While rovers are ideal for exploring Mars, a boat is best for Titan, Saturn's largest moon. Scientists are proposing a new mission to explore this alluring world that would send a floating probe to land in a lake on Titan.

Titan, the largest of the more than 60 natural satellites of Saturn, is covered in seas, lakes and rivers of methane, and hosts a thick atmosphere, making it one of the most Earth-like bodies in the solar system. Smaller than Earth but wider than Mercury, Titan is in many ways more like a planet than a moon.

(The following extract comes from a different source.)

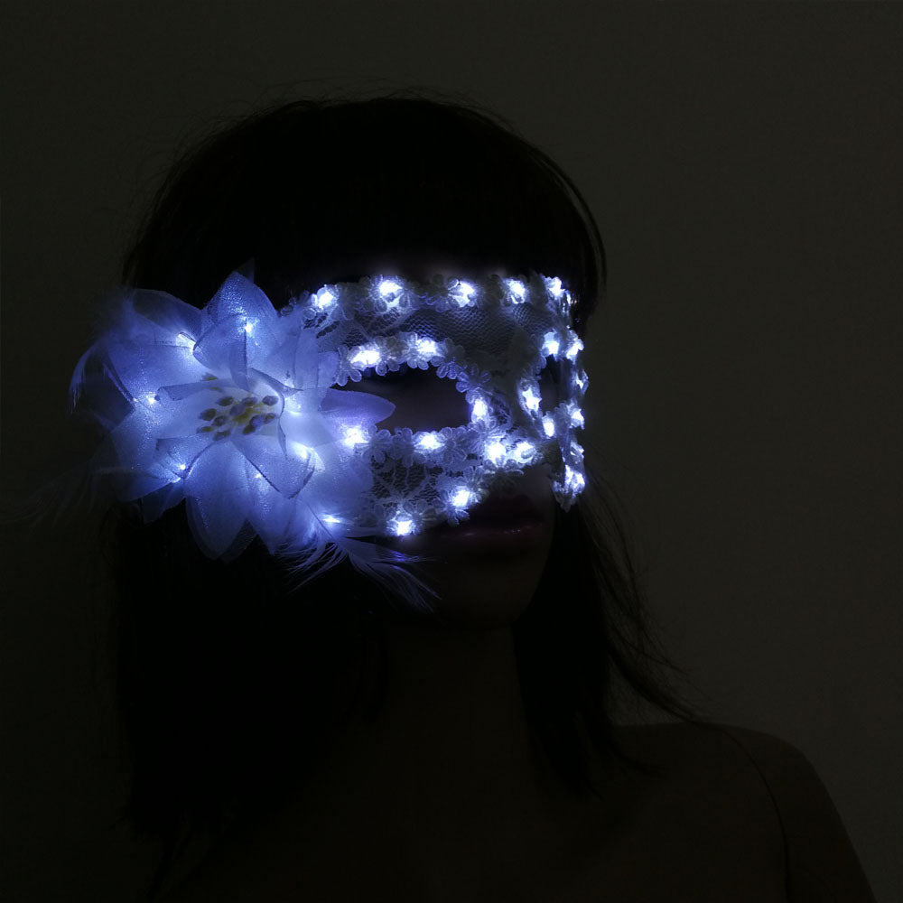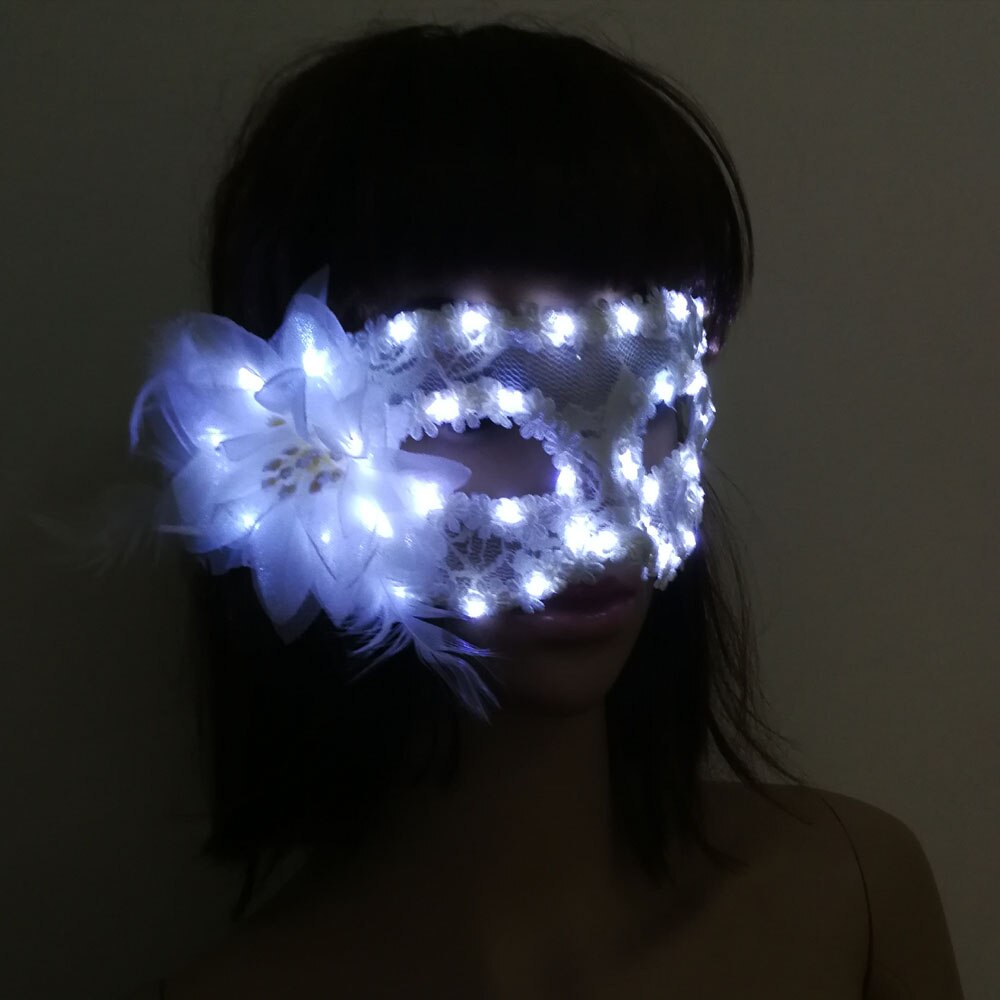 Women Girls LED Glowing Feather Fiber Mask Light Up Venetian Masks Dress Props Wedding Christmas Navidad Halloween

Scientists don't know if life might be possible on Titan. Some think it's too cold, as average temperatures are a chilly minus 289 degrees Fahrenheit (minus 178 degrees Celsius). Yet others say the insulating atmosphere and plentiful liquids, not to mention a possible subsurface ocean, could be hospitable to microbial organisms.

That's part of the reason researchers are so eager to explore the world, which has been imaged in recent years by NASA's Cassini mission, and was even studied by the accompanying European Space Agency Huygens probe, which plunged through Titan's atmosphere and touched down on land in January 2005, transmitting a few hours of data before it went quiet. [Amazing Photos of Titan]

Huygens confirmed that lakes, rivers and seas of liquid hydrocarbons abound on Titan. Now scientists want to send a follow-up mission to explore them.

That's where the Titan Lake In-situ Sampling Propelled Explorer (TALISE) comes in. The proposed mission would land a boat, propelled by wheels, paddles or screws, to float around Ligeia Mare, the largest lake on the moon, located near Titan's north pole. After splashing down, TALISE would make its way to the coast over the course of a trip lasting six months to a year.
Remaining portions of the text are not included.